Riporto questo testo, tratto da “Organo Pleno” e “Full Swell” di Gordon Reynolds, ed. Novello, non potendo non sottolineare la sua attualità, anche qui in Italia…
Ai vecchi tempi gli organisti erano uomini dalla faccia granitica ed era un atto di temerarietà anche solo rivolgergli la parola: a quei tempi infatti, si supponeva che l’organista conoscesse meglio di chiunque altro quali musiche suonare e come suonarle. Nessun parroco, nessun ministrante osava guardare quegli occhi e dire “un tono sotto per la Salve Regina e alla fine la Marcia del Lulli”, perché l’organista avrebbe risposto: “In questo caso la predica durerà esattamente quattro minuti e mezzo, non ci saranno noiose ripetizioni di testo né la solita ridicola conclusione”.
Ma come abbiamo fatto a lasciare che questo sano rispetto andasse perduto?

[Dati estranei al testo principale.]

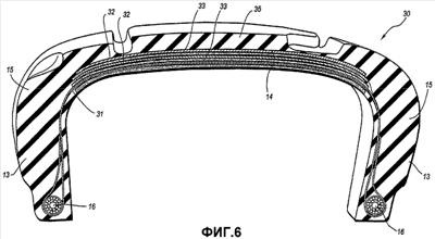 Фиг.6 – вид в сечении в увеличенном масштабе шины с фиг.1, на котором заштрихован участок, образуемый из эластомерного материала, и на котором показаны слои, брекеры и прокладки, установленные между слоями и брекерами, при этом на верхней части шины имеется протектор;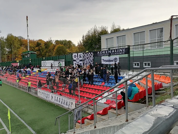 Прогулялись, полюбовались на Владимирские пейзажи и мчим на футбол🚙. Подъезжаем к стадиону и сначала нашему взору открывается стадион Торпедо. К сожалению, в аварийном состоянии😒.

Come siamo potuti arrivare ad una situazione in cui gli sposi, quando scelgono le musiche, chiedono delle cose tipo “Vorremmo la fuga di Beethoven, sa, quella che fa tatatatatata“.
Ci siamo forse lasciati lusingare da coloro che ci chiedevano “Ci suona il Largo di Haendel”?
Ci dev’essere stato ad un certo punto qualche asino che ha accettato di suonarlo e da allora i barbari ci hanno messo sotto i piedi.